What is required - Leave the images out. Give every line below again, precisely.
BEGIN Input data
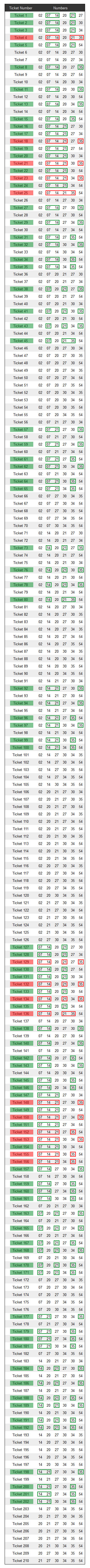 The image below shows you all 210 of the tickets you purchased. Green tickets are 3 number wins for Php 20.00 each... and the red tickets are 4 number wins for Php 3,800.00 each.
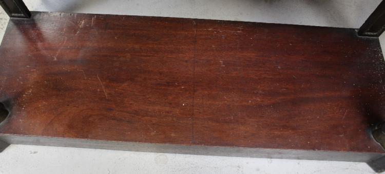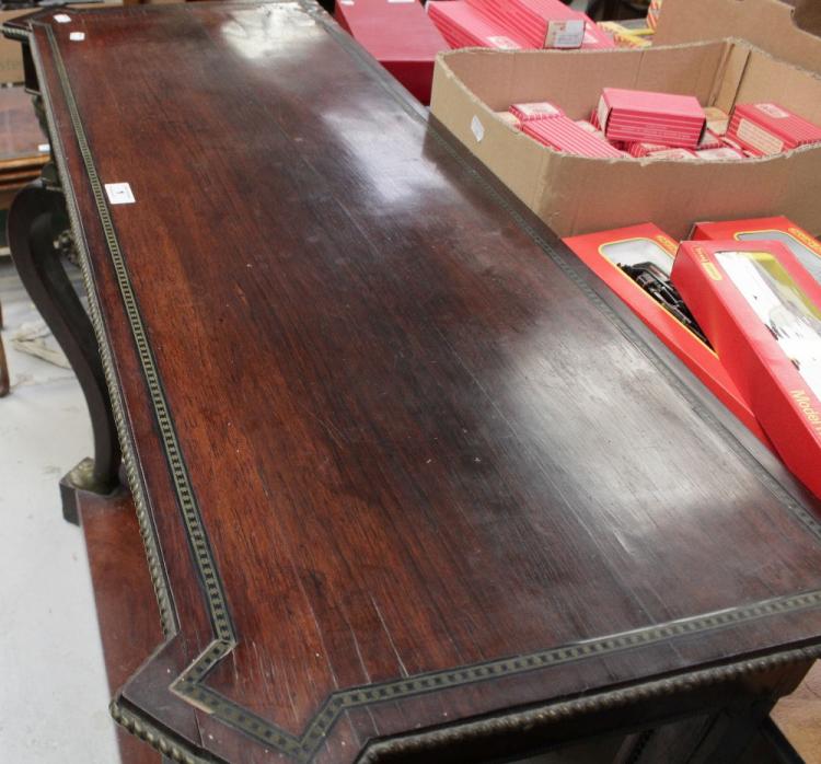 Lot 1 of 1098: A Regency period rosewood console table with brass inlaid band to top, ormolu rope edging and ormolu decoration of central palm branches with hawks to either side and Egyptian caryatid down-swept front supports ending in a pair of ormolu slender female feet, on a rectangular base, 93 x 117cm.
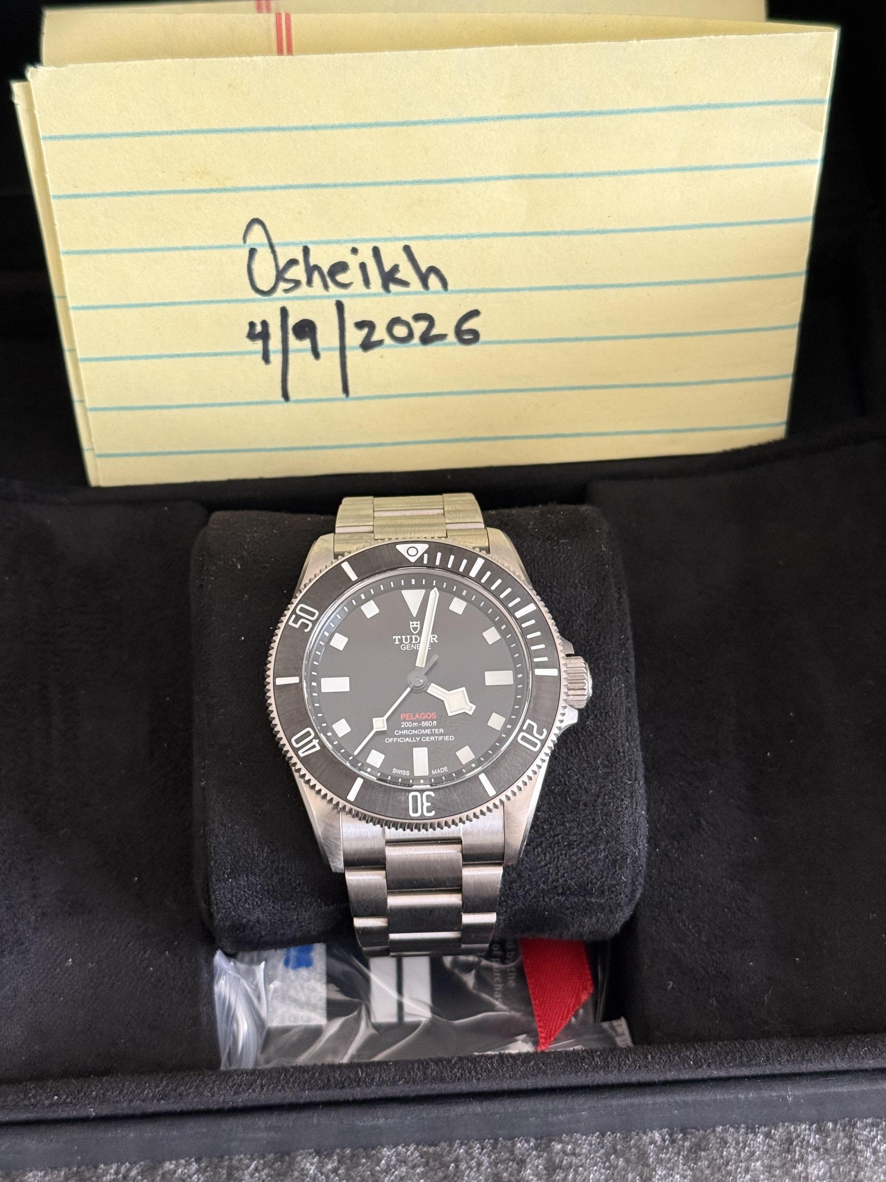 Up for sale is a beautiful 2026 Tudor Pelagos 39. Comes with box, papers, full links and extra strap. Accessories: Box & Papers PRICE: $3999 + shipping Method of payment accepted: Zelle/Wire Condition: Slightly used, clasp shows some light wear. Very clean piece otherwise. I’m located in Seattle, WA. Local face to face deals are possible. I ship fully insured nationwide. Thank you!
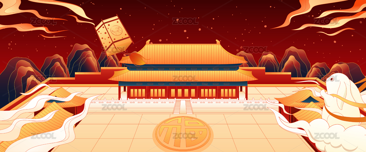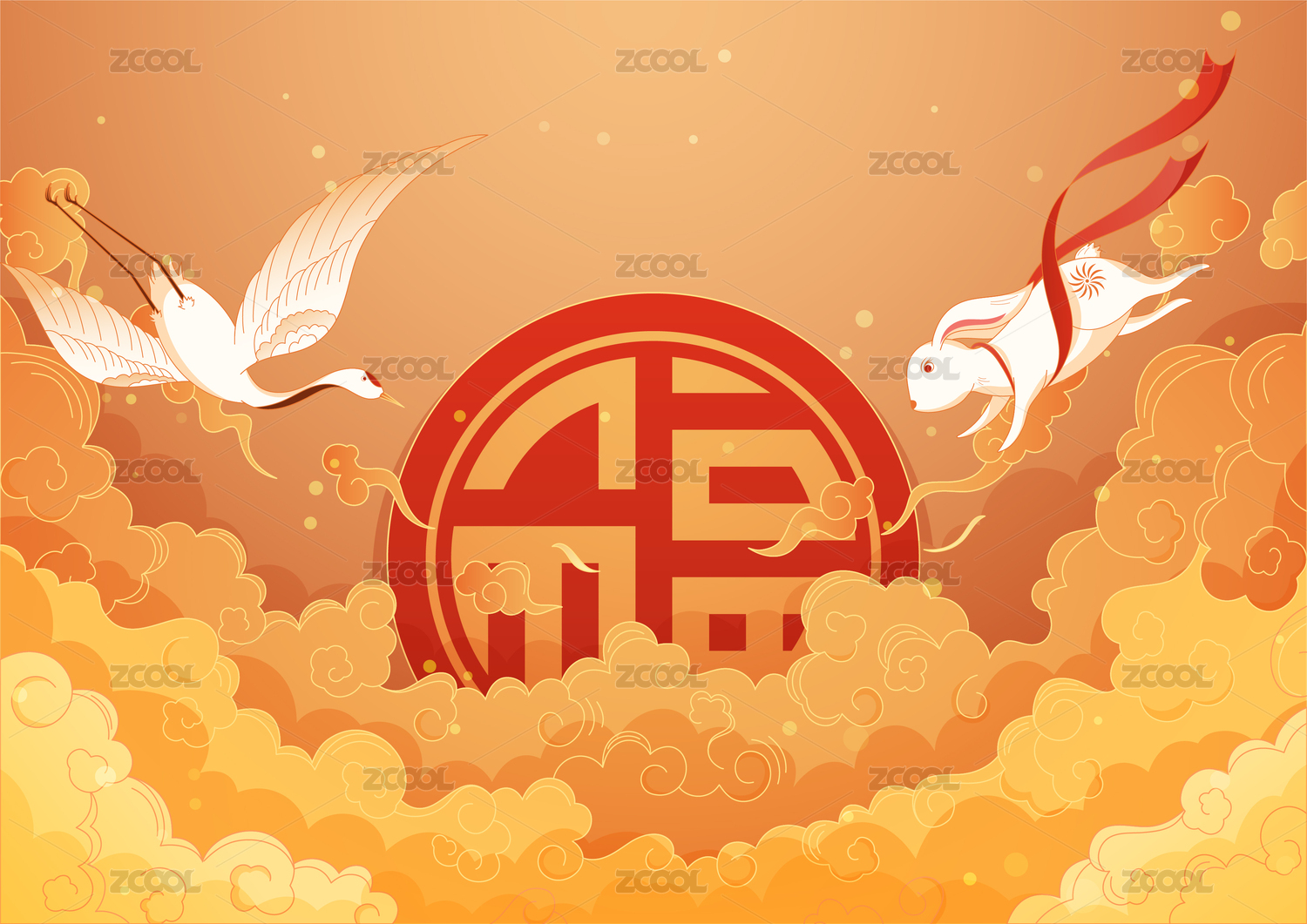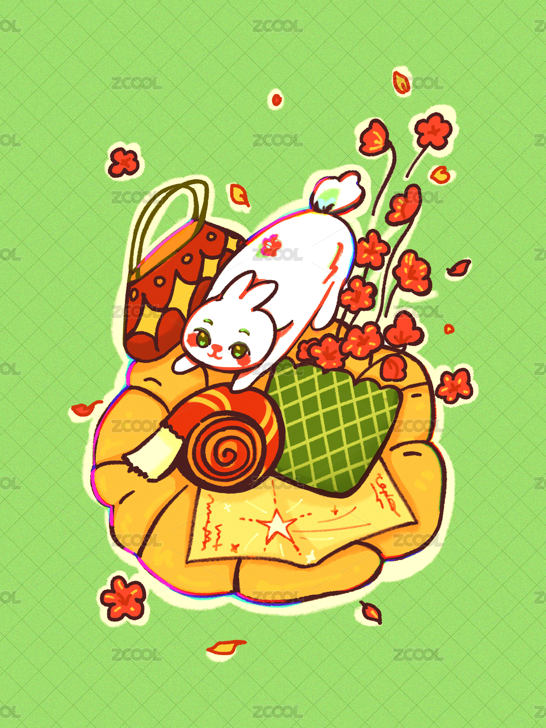 牡丹環(huán)繞月亮中抱著月餅的兔子
END Input data
Written answer -
 The image below shows you all 210 of the tickets you purchased. Green tickets are 3 number wins for Php 20.00 each... and the red tickets are 4 number wins for Php 3,800.00 each.
 Lot 1 of 1098: A Regency period rosewood console table with brass inlaid band to top, ormolu rope edging and ormolu decoration of central palm branches with hawks to either side and Egyptian caryatid down-swept front supports ending in a pair of ormolu slender female feet, on a rectangular base, 93 x 117cm.
 Up for sale is a beautiful 2026 Tudor Pelagos 39. Comes with box, papers, full links and extra strap. Accessories: Box & Papers PRICE: $3999 + shipping Method of payment accepted: Zelle/Wire Condition: Slightly used, clasp shows some light wear. Very clean piece otherwise. I’m located in Seattle, WA. Local face to face deals are possible. I ship fully insured nationwide. Thank you!
 牡丹環(huán)繞月亮中抱著月餅的兔子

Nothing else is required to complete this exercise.